WORK ORDER:
Among the entries below, only the lines from the one with "13.444 de persoane" through the one with "Průzračná tyrkysová hladina, azurové" are to be retyped, exactly and without pictures.

SUPPLIED RECORDS:
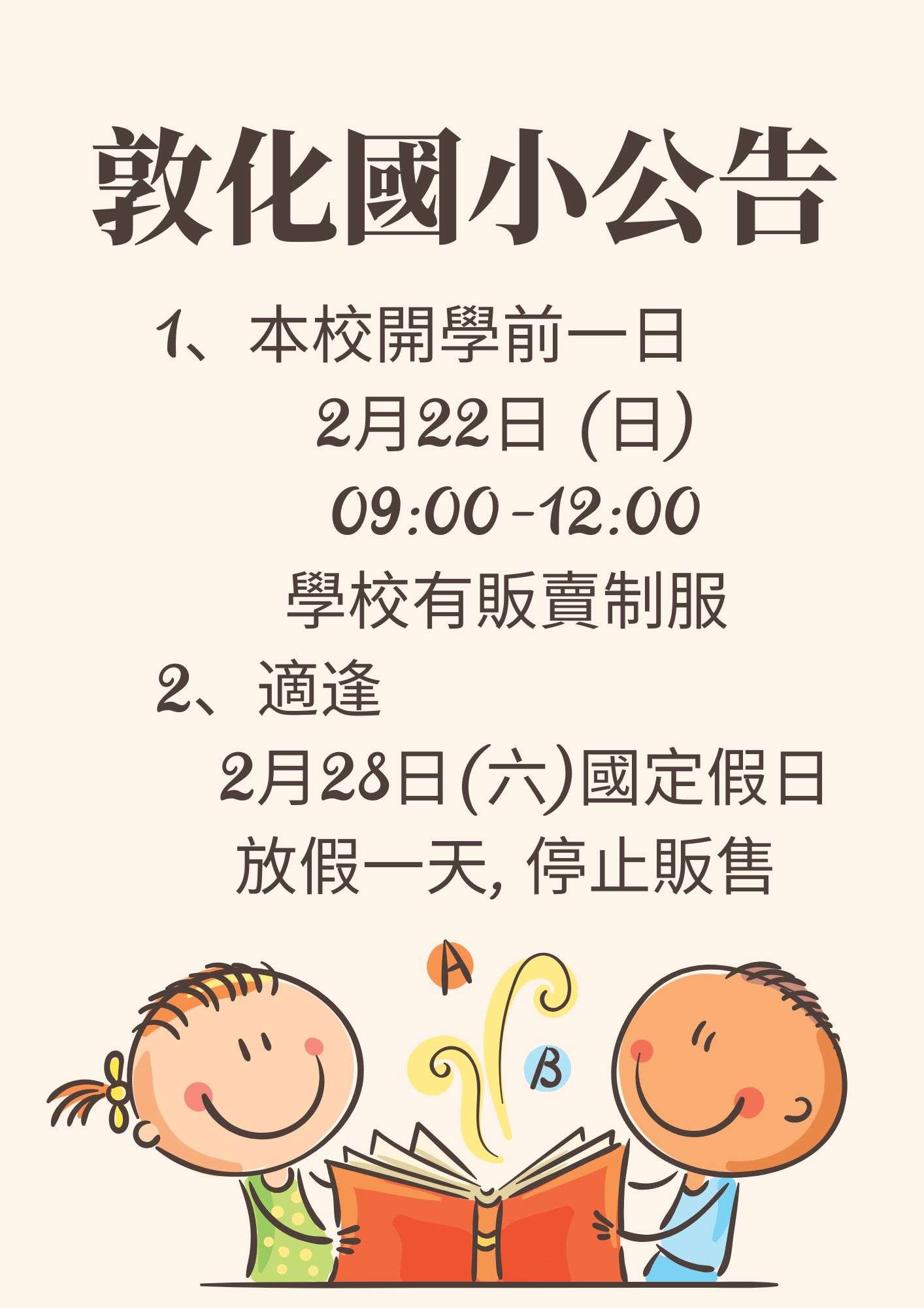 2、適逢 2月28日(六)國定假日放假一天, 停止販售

==

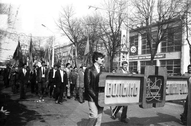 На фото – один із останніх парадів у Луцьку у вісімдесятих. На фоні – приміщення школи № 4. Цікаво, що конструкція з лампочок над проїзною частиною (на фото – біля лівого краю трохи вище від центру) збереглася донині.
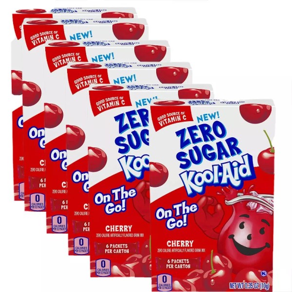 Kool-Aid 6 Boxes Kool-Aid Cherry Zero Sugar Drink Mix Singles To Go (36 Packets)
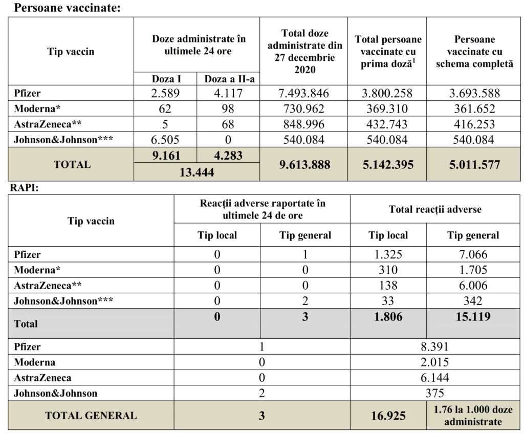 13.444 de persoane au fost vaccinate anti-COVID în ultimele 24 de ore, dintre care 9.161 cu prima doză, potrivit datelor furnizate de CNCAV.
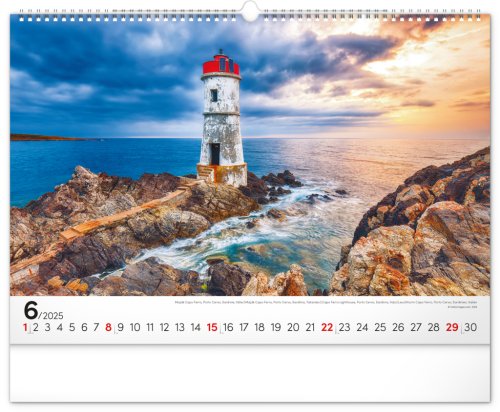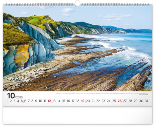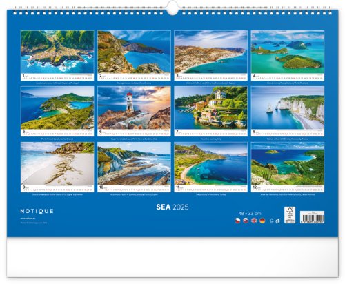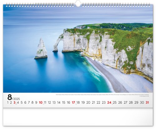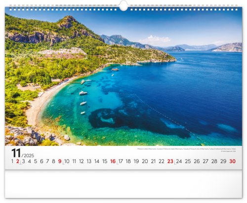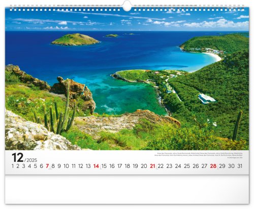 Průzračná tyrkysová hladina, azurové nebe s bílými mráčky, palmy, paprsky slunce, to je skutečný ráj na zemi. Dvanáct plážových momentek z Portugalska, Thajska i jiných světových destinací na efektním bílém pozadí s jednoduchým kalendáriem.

WRITTEN REPLY:
 13.444 de persoane au fost vaccinate anti-COVID în ultimele 24 de ore, dintre care 9.161 cu prima doză, potrivit datelor furnizate de CNCAV.
 Průzračná tyrkysová hladina, azurové nebe s bílými mráčky, palmy, paprsky slunce, to je skutečný ráj na zemi. Dvanáct plážových momentek z Portugalska, Thajska i jiných světových destinací na efektním bílém pozadí s jednoduchým kalendáriem.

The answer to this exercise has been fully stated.